FIGURE 3. Trends of annual means of (A) TXm, (B) TXm, (C) DTR during 1961–2018. Plus sign represent a significant increasing trend at the 5% level, while subtraction sign represent a significant decreasing trend at the 5% level.

3.2 Trend variability of TN90p, TX90p, TXx, and TNx in CRC

All the warm temperature extreme indices that could be calculated based on annual time scales are displayed in Figure 4, and the subregional annual series for these indices are shown in Table 3. For the past 58 years, all the warm temperature extremes showed a warming trend at different degrees. The annual mean amounts of TN90p andTX90p showed increasing trends (1.90% and 1.17%/decade, respectively). The amount of the annual TXx and TNx showed increasing trends by 0.22°C and 0.34°C/decade, respectively, and all these four indices are significant trends at the 0.1% level (Figures 4A–D). The subregions showed a large difference. For TN90p and TX90p, the highest warming trend occurred in TPC at the mean rates of 2.11% and 1.46%/decade (p < 0.01), followed by 1.90% and 1.00%/decade (p < 0.01) in NWC, and 1.71% and 0.90%/decade (p < 0.01) in NEC, respectively. For the subregional TXx, TPC had the largest warming trend, with a mean rate of 0.33°C/decade (p < 0.01). The subregional TNx trends showed the highest increasing trend in NWC, with a rate of 0.36°C/decade (p < 0.01), followed by 0.35°C/decade (p < 0.01) in NEC. Also, TPC had the least decline trend [0.33°C/decade (p < 0.01)].

FIGURE 4

FIGURE 4. Same as in Figure 2 but for the temperature extreme indices of the warm indices (TN90p, TX90p, TXx, and TNx).

TABLE 3

TABLE 3. Regional decadal changes in temperature extremes and the number of stations with statistically significant (S) trends in temperature indices.
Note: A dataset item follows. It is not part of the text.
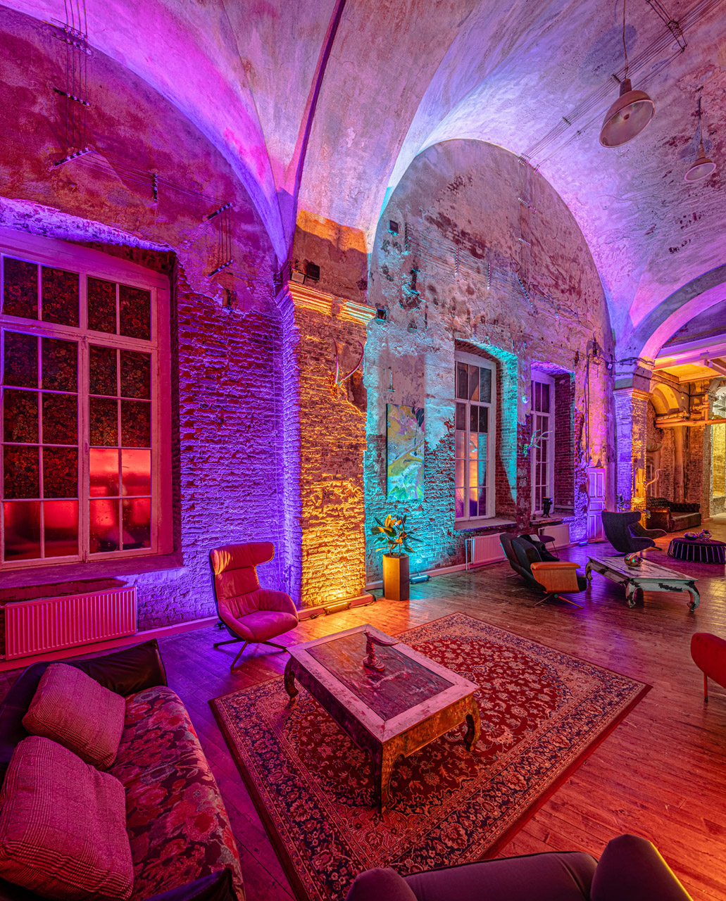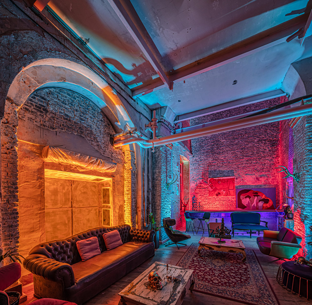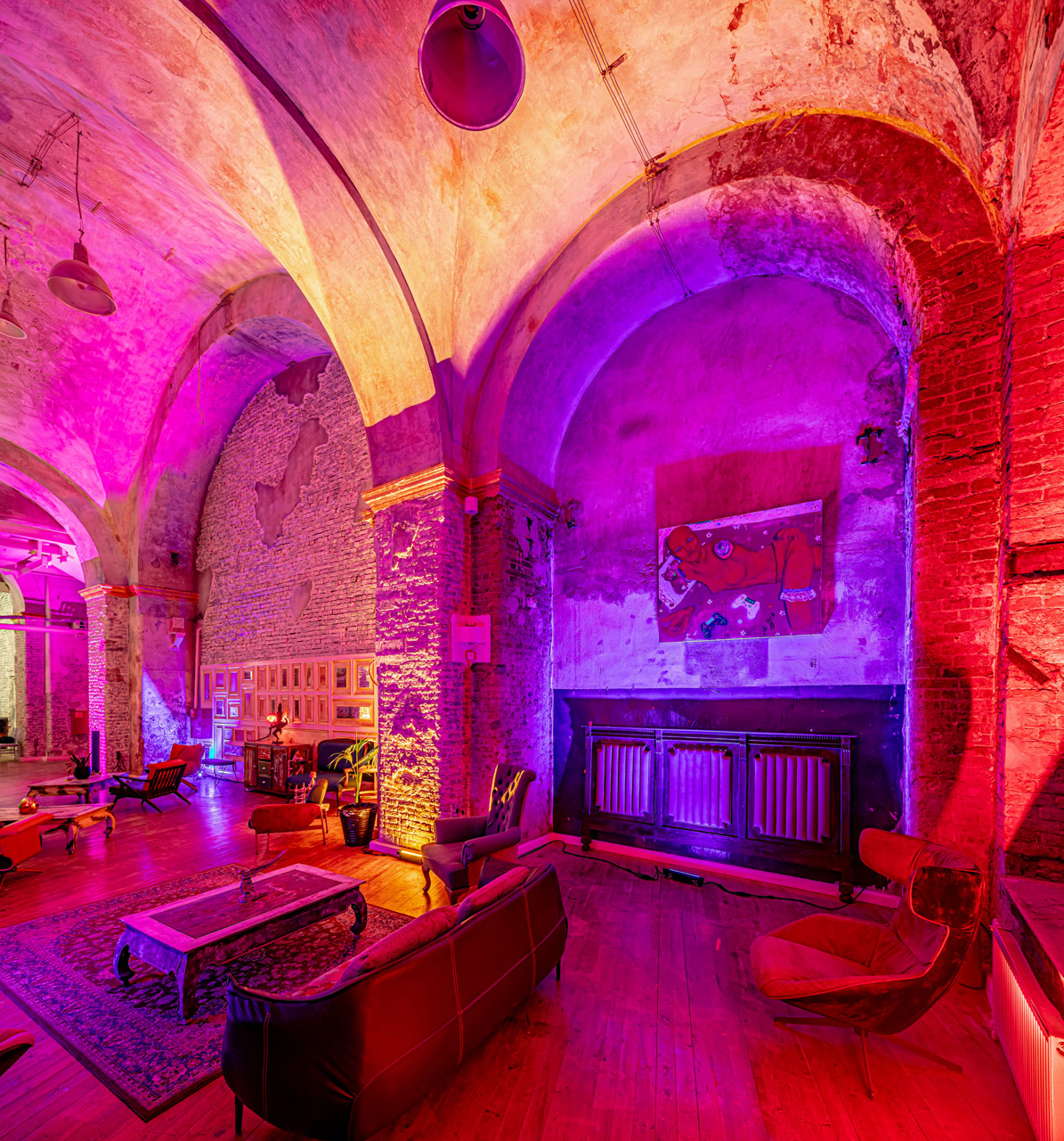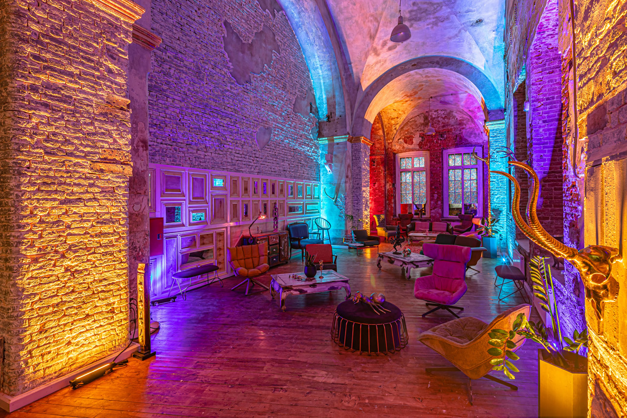 LOFT#7 — это 5 дизайнерских залов с возможностью трансформации площадью от 200 до 1500 m2 и общей вместимостью до 1500 персон.

In the seasonal scales (Table 3), during the past 58 years, all the extreme indices showed robust warming trends in all seasons in each subregion (the most significant stations in spring and the least significant stations in winter). TN90p showed a warming trend and showed the greatest warming rate (2.31%/decade) in summer. Similarly, the largest warming trend of TX90p was also in summer (1.27%/decade). However, for TX90p, the proportion of significant stations is much lower than that of TN90p, which is more obvious in NWC and NEC. For TXx, the most obvious increase trend was in spring (0.29°C/decade), and the smallest warming trend occurred in summer (0.19°C/decade). In addition, TNx showed the largest increasing trend in winter, with a warming rate of just 0.44°C/decade, and summer had the smallest warming trend (0.34°C/decade). TNx and TXx showed the most significant increase in summer and winter in TPC. Moreover, TXx had the most significant growth in spring and autumn in NWC and NEC, while TNx had the most significant increase in spring and summer. Speculatively, this may also be caused by large-scale atmospheric circulation patterns and anthropogenic aerosols.

In terms of the spatial variation of the annual mean trend (Figure 5; Table 3), most stations of the warm temperature extreme indices showed warming trends across CRC. TN90p clearly showed significant warming trends at 185 stations, and most of the stations located in TPC had a larger warming trend than that of the other stations (Figure 5A). Similarly, the most remarkable warming trends in TX90p were observed in TPC (Figure 5B), but its warming rates were slightly greater than those in TN90p. For TXx (Figure 5C; Table 3), there were significant increasing trends in most regions, and the sites with the most significant increases are located in TPC (Table 3). In addition, 11 sites showed a decreasing trend, and they are mainly located in the center of NWC and the western junction of NEC (Figure 5C; Table 3). The difference is that the increasing trend of TNx is particularly significant in the northern part of the study area (Figure 5D; Table 3). Based on the above differences, we speculated that the temperature extremes may be caused by the influence of atmospheric circulation factors.

FIGURE 5

FIGURE 5. Same as in Figure 3 but for the temperature extreme indices of the warm indices (TN90p, TX90p, TNx, and TXx).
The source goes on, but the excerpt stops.